4. L’EDITION CRITIQUE ET LA TRADUCTION

L’ensemble des sources que nous venons de présenter, nous a permis d’établir l’édition critique du

yogapāda et de son commentaire par Rāmakaṇṭha (annexe 1 p. 283). Ce travail s’appuie, pour le

commentaire, sur le seul manuscrit du BORI, et pour le tantra, sur ce même manuscrit et les autres sources disponibles : l’édition de N. R. Bhatt, les manuscrits de Katmandou et les quelques citations. Nous indiquons systématiquement dans l’apparat critique la leçon retenue par N. R. Bhatt (EC) et celle du manuscrit de Katmandou utilisé dans son édition (ca). Afin de ne pas alourdir l’apparat critique – et aussi de nous éviter un travail fastidieux et largement inutile –, nous ne signalons les autres leçons référencées dans l’édition de N. R. Bhatt que dans les rares cas où nous y avons eu recours (YP 1.14b, 2.80d, 4.17d, et 5.5b), soit pour conforter le texte du manuscrit du BORI, soit pour des corrections mineures.

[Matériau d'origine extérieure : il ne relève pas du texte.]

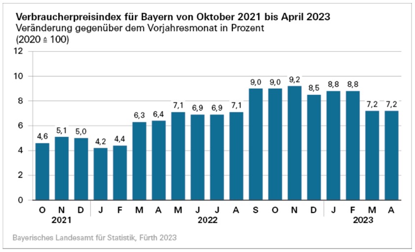 Die Inflationsrate, gemessen als prozentuale Veränderung des Verbraucherpreis-Index für Bayern gegenüber dem entsprechenden Vorjahres-Monat, liegt im April dieses Jahres bei 7,2 Prozent. Der Gesamt-Index ohne die aktuellen Haupt-Preistreiber Nahrungsmittel und Energie, in der öffentlichen Diskussion oft als Kerninflationsrate bezeichnet, beläuft sich im April – wie bereits im Monat zuvor – auf 5,9 Prozent. Gegenüber dem Vormonat stieg der Verbraucherpreis-Index im April um 0,4 Prozent.
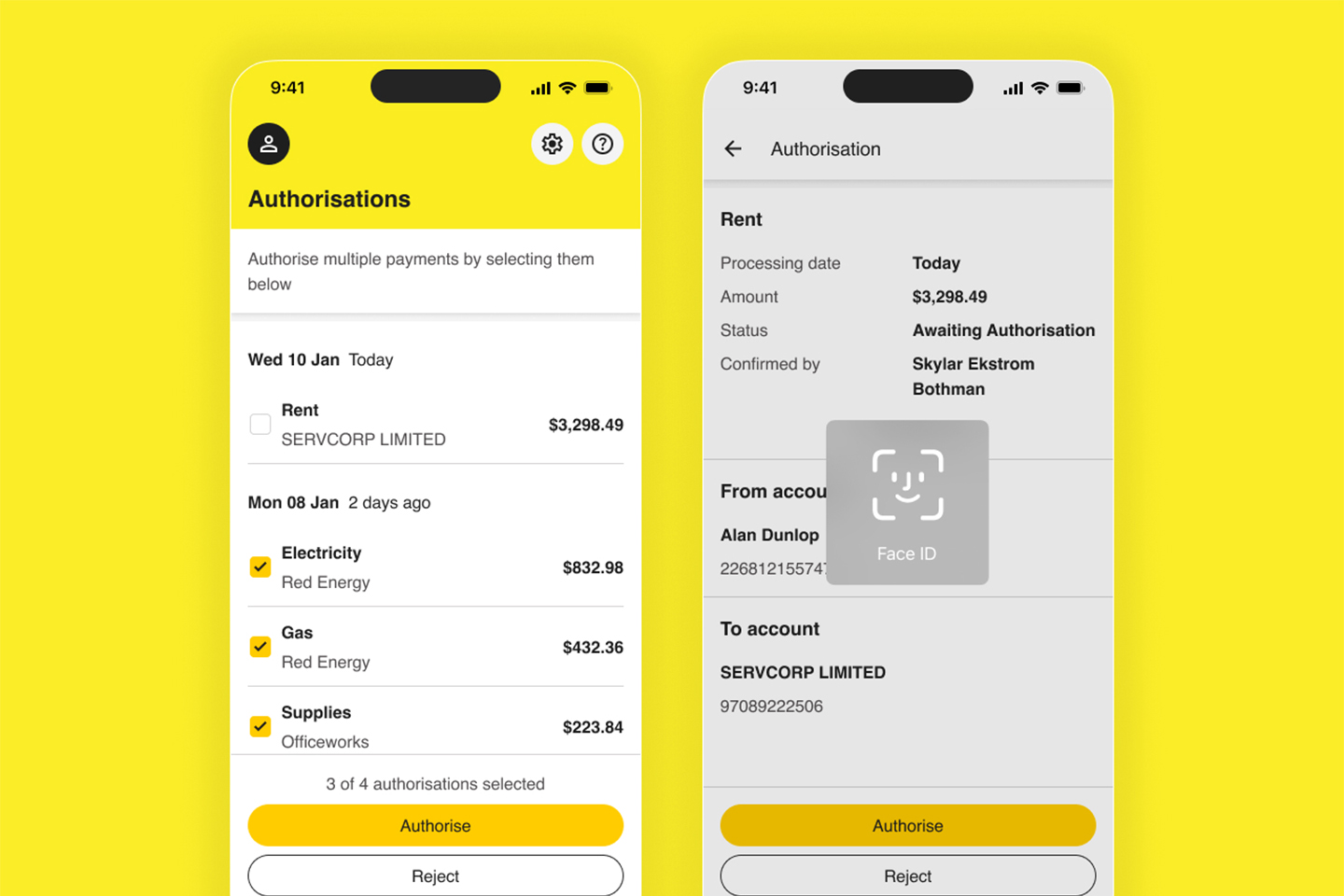 The payment authorisation flow was central to the happy path. We designed a clean list where users select one or multiple payments, then approve using Face ID. This single change transformed a core business process, making it feel fast and secure.
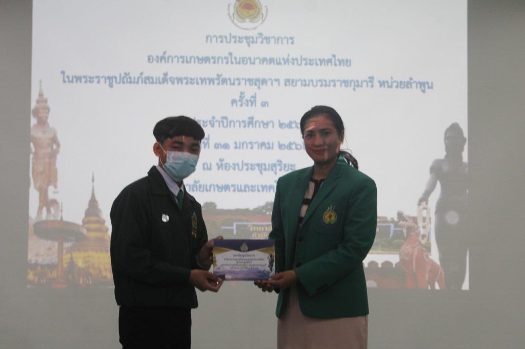 วันที่ 31 มกราคม 2566 นางสาวสุภัคคณิศร รุ่งเรือง ประธานอำนวยการ อกท.หน่วยลำพูน เป็นประธานในงานประชุมวิชาการ อกท.ระดับหน่วยครั้งที่ 3 การส่งมอบงาน และการปิดประชุมสมัยสามัญประจำปีการศึกษา 2565 และ การมอบเกียรติบัตรสมาชิกที่เข้าร่วมการแข่งขันทักษะในงาน ประชุมวิชาการ อกท.ระดับภาค ภาคเหนือ ครั้งที่ 43 มอบเข็มที่ระลึกพร้อมเกียรติบัตรสมาชิกเลือนระดับอกท.ระดับภาค ภาคเหนือ มอบเกียรติบัตร ครูผู้ฝึกซ้อมทักษะในงานอกท.ระดับภาค ภาคเหนือ ครั้งที่ 43 การส่งมอบงานของคณะกรรมการอกท.ปีการศึกษา 2565 ให้กับคณะกรรมการอกท.ปีการศึกษา 2566 การปิดประชุมสมัยสามัญของสมาชิกอกท.หน่วยลำพูน ประจำปีการศึกษา 2565 ณ ห้องประชุมสุริยะ วิทยาลัยเกษตรและเทคโนโลยีลำพูน cr.อกท.หน่วยลำพูน
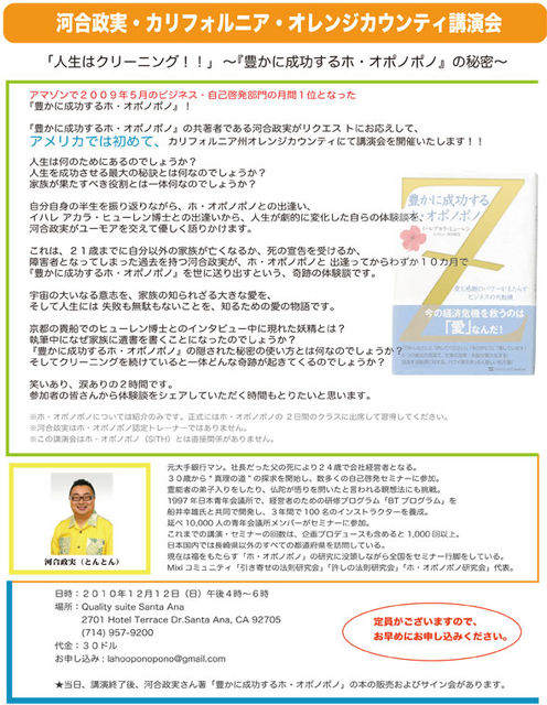 ★当日、講演終了後、河合政実さん著「豊かに成功するホ・オポノポノ」の本の販売およびサイン会があります。
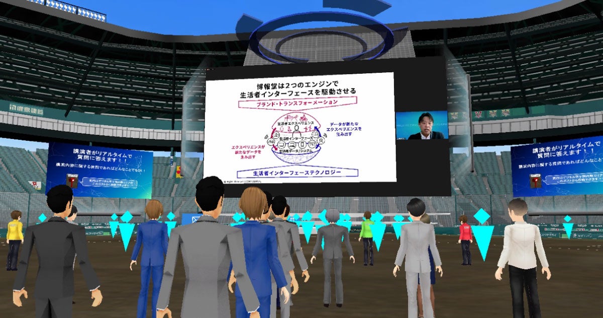 阪急阪神ホールディングスは2021年9月7~10日かけて、デジタル上に再現した甲子園を舞台にしたイベント「DXが変革するマネジメントのあり方やエンタテインメントの世界 in デジタル甲子園」を開催しました(関連記事:https://seikatsusha-ddm.com/article/11854/)。内野エリアに設けられた講演会場において、博報堂の青木雅人執行役員HAKUHODO DX_UNITED担当が「生活者インターフェース市場の拡大で求められる価値創造型DXの推進」と題して講演しました。また、博報堂DYホールディングスは外野エリアの展示会場にも出展し、hakuhodo-XRやDX_UNITED、マーケティングテクノロジーセンターのソリューション紹介やサイバーフィジカル空間に関する研究事例などの展示を行いました。
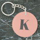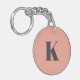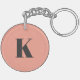 Enkelt, snyggt anpassningsbar inledande brev monogram-nyckelkedja i modern minimalistisk typografi i mörk grått på persikorosa. En anpassningsbar eller ett tillbehör till perfekten med personlig beröring!

La translittération en écriture latine du manuscrit du BORI rédigé en écriture śāradā s’est appuyée sur la présentation de cette graphie par Walter Slaje46. L’édition de N. R. Bhatt, qui fournit le texte du tantra en nāgarī dans une leçon généralement cohérente avec celle du manuscrit, a permis de constituer un jeu de graphèmes qui a ensuite servi de support à la translittération du commentaire. La bonne lisibilité et la régularité du style d’écriture du manuscrit ont grandement facilité le travail. Les ressemblances entre certains graphèmes de la śāradā pourraient être la source d’erreurs de translittération. Nous indiquons ci-après les principaux cas de confusion possibles, illustrés par des exemples de graphèmes tirés du manuscrit du BORI :

ku kta

ca śa

tta tu

ma sa

va [410E045b-3] rva [410E045b-2]

su [413E047a-10] sva [432E056b-2] ou bien :

su [418E049b-12] sva [424E052b-13] (même similitude dhu/dhva, ṣu/ṣva, etc.)

ṣṭa ṣṭha

radhyā khyā (cf. [450E065b-5])

Le manuscrit du BORI étant notre unique source du commentaire, le travail d’émendation a été mené avec une extrême prudence afin d’éviter les corrections abusives. Il nous est arrivé maintes fois d’envisager des émendations qui, après relecture, se sont avérées inutiles. Dans le souci de préserver l’intégrité du texte, nous avons renoncé à amender certains passages lorsque les corrections envisageables paraissaient trop importantes ou que plusieurs solutions étaient possibles. Nous les signalons alors dans les notes de bas de page.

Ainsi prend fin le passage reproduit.